* Re: [PATCH v2] io_uring: Statistics of the true utilization of sq threads.
2023-11-08 8:07 ` [PATCH v2] io_uring: Statistics of the true utilization of sq threads Xiaobing Li
@ 2023-11-08 15:26 ` Jens Axboe
[not found] ` <CGME20231113031827epcas5p2e6e858292a3cd4b9e03b4615d972b22d@epcas5p2.samsung.com>
2023-11-08 16:23 ` Gabriel Krisman Bertazi
2023-11-09 16:14 ` Pavel Begunkov
2 siblings, 1 reply; 6+ messages in thread
From: Jens Axboe @ 2023-11-08 15:26 UTC (permalink / raw)
To: Xiaobing Li, asml.silence
Cc: linux-kernel, io-uring, kun.dou, peiwei.li, joshi.k, kundan.kumar,
wenwen.chen, ruyi.zhang
On 11/8/23 1:07 AM, Xiaobing Li wrote:
> Since the sq thread has a while(1) structure, during this process, there
> may be a lot of time that is not processing IO but does not exceed the
> timeout period, therefore, the sqpoll thread will keep running and will
> keep occupying the CPU. Obviously, the CPU is wasted at this time;Our
> goal is to count the part of the time that the sqpoll thread actually
> processes IO, so as to reflect the part of the CPU it uses to process
> IO, which can be used to help improve the actual utilization of the CPU
> in the future.
There should be an explanation in here on what 'work' and 'total' mean.

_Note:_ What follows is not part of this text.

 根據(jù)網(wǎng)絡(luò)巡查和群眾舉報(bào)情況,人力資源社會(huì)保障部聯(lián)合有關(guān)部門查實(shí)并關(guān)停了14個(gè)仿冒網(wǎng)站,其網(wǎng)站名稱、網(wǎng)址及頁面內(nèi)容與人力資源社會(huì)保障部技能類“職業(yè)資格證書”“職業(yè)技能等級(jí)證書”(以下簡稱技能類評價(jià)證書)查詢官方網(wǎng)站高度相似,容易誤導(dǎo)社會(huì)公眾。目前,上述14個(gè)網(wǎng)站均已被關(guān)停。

> The test results are as follows:
> cat /proc/11440/fdinfo/6
> pos: 0
> flags: 02000002
> mnt_id: 16
> ino: 94449
> SqMask: 0xf
> SqHead: 1845170
> SqTail: 1845170
> CachedSqHead: 1845170
> CqMask: 0xf
> CqHead: 1845154
> CqTail: 1845154
> CachedCqTail: 1845154
> SQEs: 0
> CQEs: 0
> SqThread: -1
> SqThreadCpu: -1
> UserFiles: 1
> UserBufs: 0
> PollList:
> CqOverflowList:
> PID: 11440
> work: 18794
> total: 19123
These should go with the other Sq thread related ones, eg be SqWork and
SqTotal. It's counted in jiffies right now which is a bit odd in terms
of being exposed, as you'd need to know what the base of that unit is.
But probably not much of a concern, as work/total is really the metric
you care about. Maybe it'd be better to expose it as a percentage, and
get rid of total? Eg just have SqBusy: xx% be the output.

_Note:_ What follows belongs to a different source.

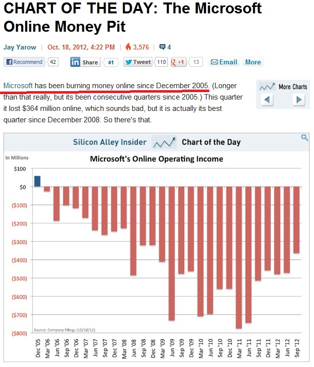 "Microsoft получает почти 75% всего своего дохода от программ Windows и Office, менее чем 25% дохода они получают от своих серверов и различных дополнительных программ. В то время как от продажи Kinect и Xbox360 они не получают ни цента прибыли, но на их развитие и поддержание онлайна тратят уйму денег. Причем мало того, что нет прибыли, так Microsoft еще и в минусе от игрового онлайн подразделения, речь идет о 350-700 миллионных убытках".

> diff --git a/io_uring/fdinfo.c b/io_uring/fdinfo.c
> index f04a43044d91..f0b79c533062 100644
> --- a/io_uring/fdinfo.c
> +++ b/io_uring/fdinfo.c
> @@ -213,6 +213,12 @@ __cold void io_uring_show_fdinfo(struct seq_file *m, struct file *f)
>
> }
>
> + if (ctx->sq_data) {
> + seq_printf(m, "PID:\t%d\n", task_pid_nr(ctx->sq_data->thread));
> + seq_printf(m, "work:\t%lu\n", ctx->sq_data->work);
> + seq_printf(m, "total:\t%lu\n", ctx->sq_data->total);
> + }
> +
This doesn't work, it needs proper locking. See how we get the other sq
values.
--
Jens Axboe
^ permalink raw reply [flat|nested] 6+ messages in thread
* Re: [PATCH v2] io_uring: Statistics of the true utilization of sq threads.

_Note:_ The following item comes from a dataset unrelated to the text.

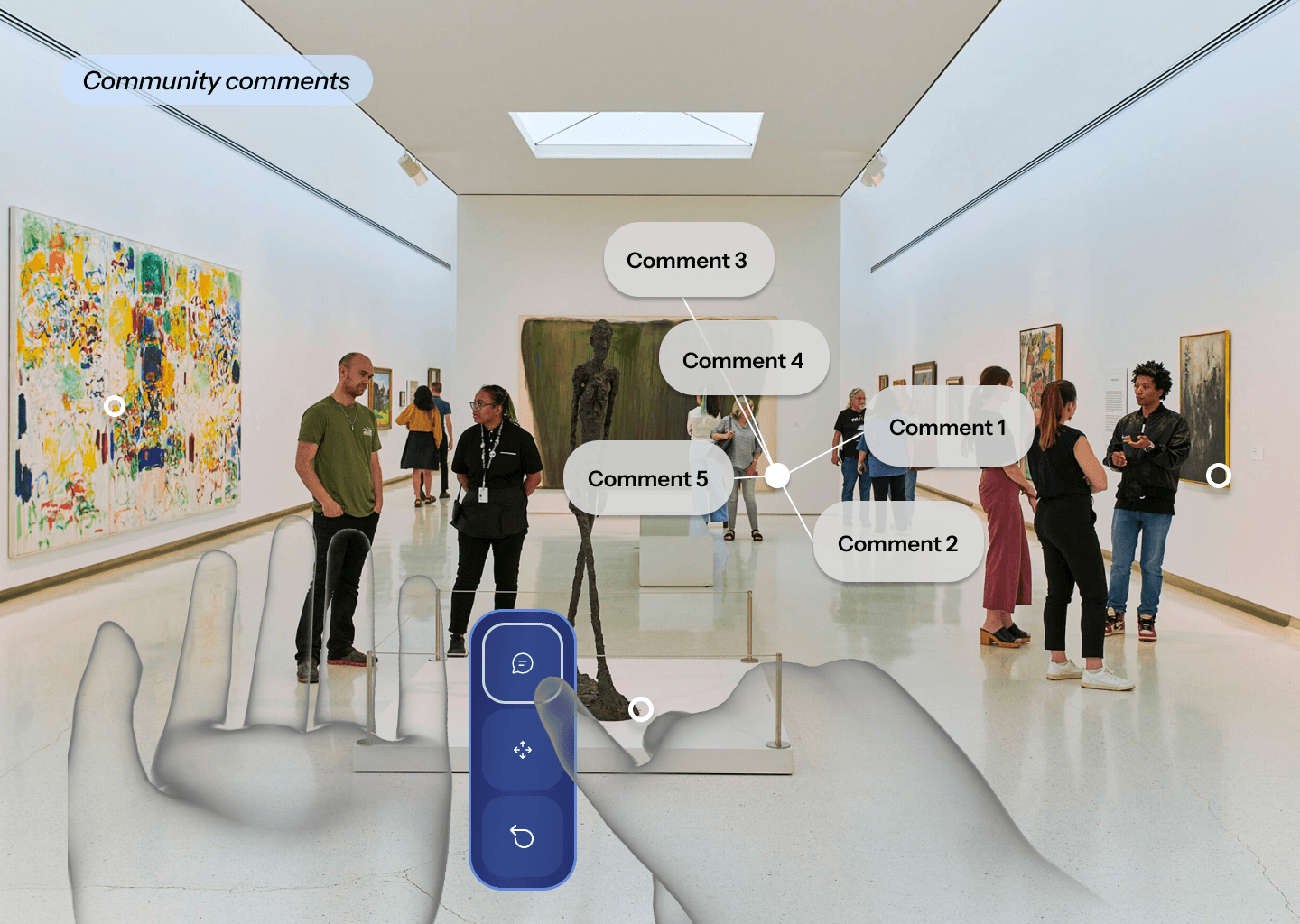 As this was my first time prototyping for MR, I went through many iterations of what the experience of leaving comments and interacting with artworks could look like.

2023-11-08 8:07 ` [PATCH v2] io_uring: Statistics of the true utilization of sq threads Xiaobing Li
2023-11-08 15:26 ` Jens Axboe
@ 2023-11-08 16:23 ` Gabriel Krisman Bertazi
2023-11-09 16:14 ` Pavel Begunkov
2 siblings, 0 replies; 6+ messages in thread
From: Gabriel Krisman Bertazi @ 2023-11-08 16:23 UTC (permalink / raw)
To: Xiaobing Li
Cc: axboe, asml.silence, linux-kernel, io-uring, kun.dou, peiwei.li,
joshi.k, kundan.kumar, wenwen.chen, ruyi.zhang
Xiaobing Li <[email protected]> writes:
> diff --git a/io_uring/fdinfo.c b/io_uring/fdinfo.c
> index f04a43044d91..f0b79c533062 100644
> --- a/io_uring/fdinfo.c
> +++ b/io_uring/fdinfo.c
> @@ -213,6 +213,12 @@ __cold void io_uring_show_fdinfo(struct seq_file *m, struct file *f)
>
> }
>
> + if (ctx->sq_data) {
> + seq_printf(m, "PID:\t%d\n", task_pid_nr(ctx->sq_data->thread));
ctx->sq_data and sq_data->thread can become NULL if the queue is being
setup/going away. You need to hold the uring_lock and the
ctx->sq_data->lock to access this.
But task_pid_nr is already published in this file a bit before this
hunk. Perhaps drop this line and move the two lines below together with
them.
> + seq_printf(m, "work:\t%lu\n", ctx->sq_data->work);
> + seq_printf(m, "total:\t%lu\n", ctx->sq_data->total);
> + }
--
Gabriel Krisman Bertazi
^ permalink raw reply [flat|nested] 6+ messages in thread
* Re: [PATCH v2] io_uring: Statistics of the true utilization of sq threads.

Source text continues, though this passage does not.